In an embodiment of the present invention, the delay extender includes: a plurality of delay cells outputting the delayed external clock signal DCLK of the external clock signal CLK _{REF when the control voltage signal V CONT is input;} a comparator for outputting a phase difference between the external clock signal CLK _REF and the delayed external clock signal DCLK as a voltage pulse V _{X ;} an inverter unit outputting a constant current signal according to the voltage pulse (V _{X );} and charging or discharging a charge corresponding to the current signal to a capacitor to generate the delayed extension voltage signal (V _DE ), and when the binary control code is changed, set the delayed extension voltage signal (V _DE ) to a preset voltage value and a delayed extension voltage signal generator initializing to .

In an embodiment of the present invention, the code control unit compares the values of the control voltage signal V _CONT and the delayed extension voltage signal V _DE with the driving voltage VDD and the ground voltage GND, respectively. hysteresis comparator; First and second ANDs for outputting a value of the driving voltage VDD when the comparison values of the plurality of hysteresis comparators are within a preset range, and outputting a value of the ground voltage GND when out of a preset range gate; and an accumulator that generates a code change signal that changes the binary control code when the first and second AND gates do not respectively output the ground voltage GND.

In an embodiment of the present invention, when the code change signal is generated, the accumulator controls the binary control when _{an external clock signal CLK REF having a higher frequency than an operation region of the voltage control delay unit VCDL is input.} a register for reducing the delay value of the internal clock by setting all codes (CD<2:0>) to 0; _{and when the external clock signal CLK REF} having a lower frequency than the operating region of the voltage control delay unit VCDL is input, the binary control code CD<2:0> is increased to increase the delay value of the internal clock signal. It may include an accumulator that increases the .

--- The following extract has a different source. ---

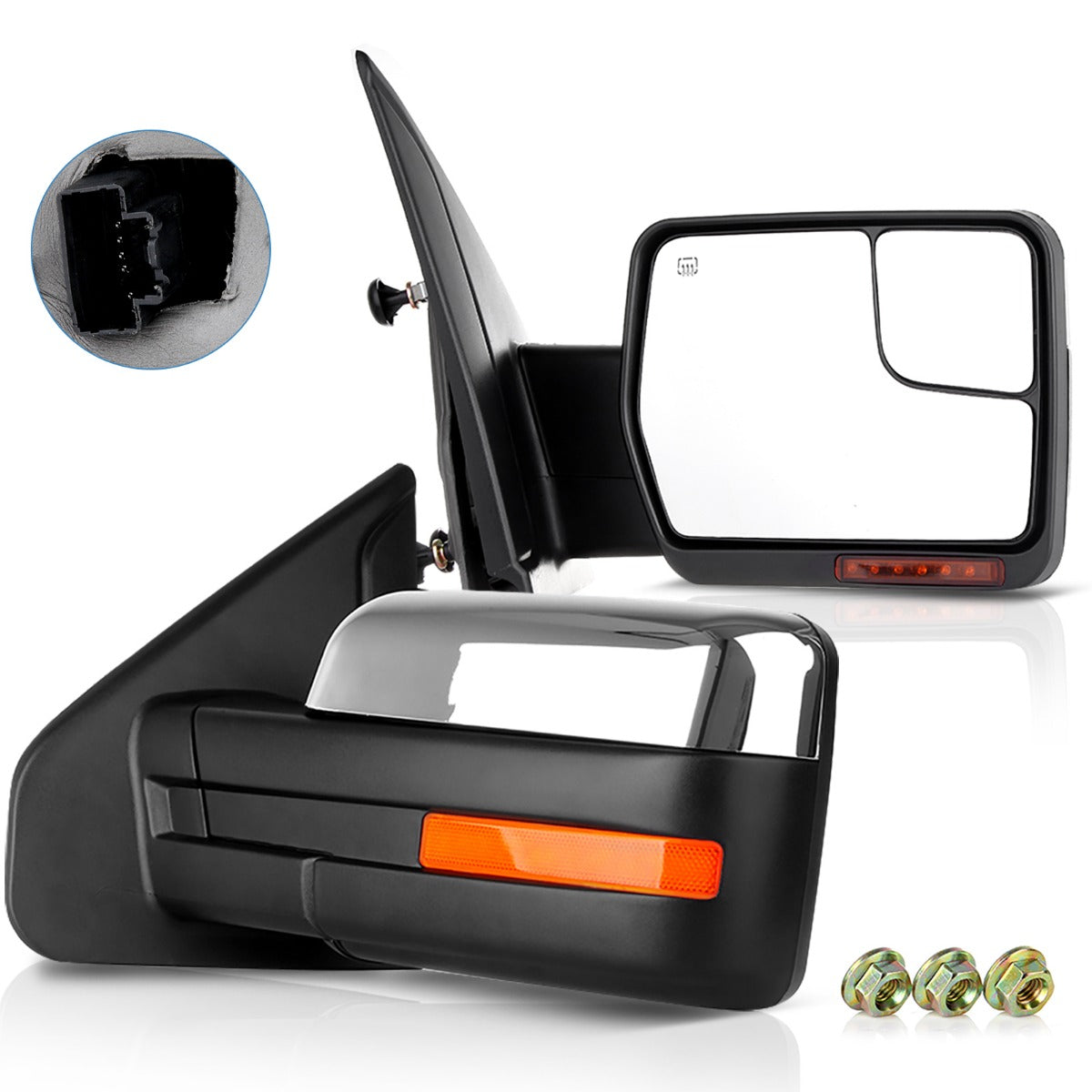 - Mirror options: power, heated, turn signal light, puddle light, Reflective Strip, telescoping manually, chrome Cap Housing

In a method for controlling a delay range of a delay lock loop according to an embodiment of the present invention for realizing another object of the present invention, _{a phase difference between an external clock signal (CLK REF} ) and an internal clock signal is detected and the up corresponding to the phase difference generating a (UP) signal or a down (DOWN) signal; outputting a current signal by increasing or decreasing the current according to the UP signal or the DOWN signal; outputting the output current signal as a control voltage signal V _CONT from which a high frequency component is removed; receiving the external clock (CLK _REF ) and the control voltage signal (V _CONT ) and outputting a delayed extension voltage signal (V _{DE );} generating a binary control code based on the delayed extension voltage signal (V _DE ) and the control voltage signal (V _{CONT ); and outputting a delayed internal clock signal CLK D} by changing a delay value of the internal clock according to the binary control code.

According to the delay lock circuit for controlling the delay range of the delay lock loop, a wide frequency range can be secured by generating a binary control code and extending the minimum/maximum delay range using the generated binary control code. Accordingly, both a case where a low frequency is required and a case where a high frequency is required can be used.

In addition, since the maximum/minimum delay range of the output signal can be actively controlled as the period of the reference clock signal is changed, a wide operating range can be secured in a device to which the present invention is applied.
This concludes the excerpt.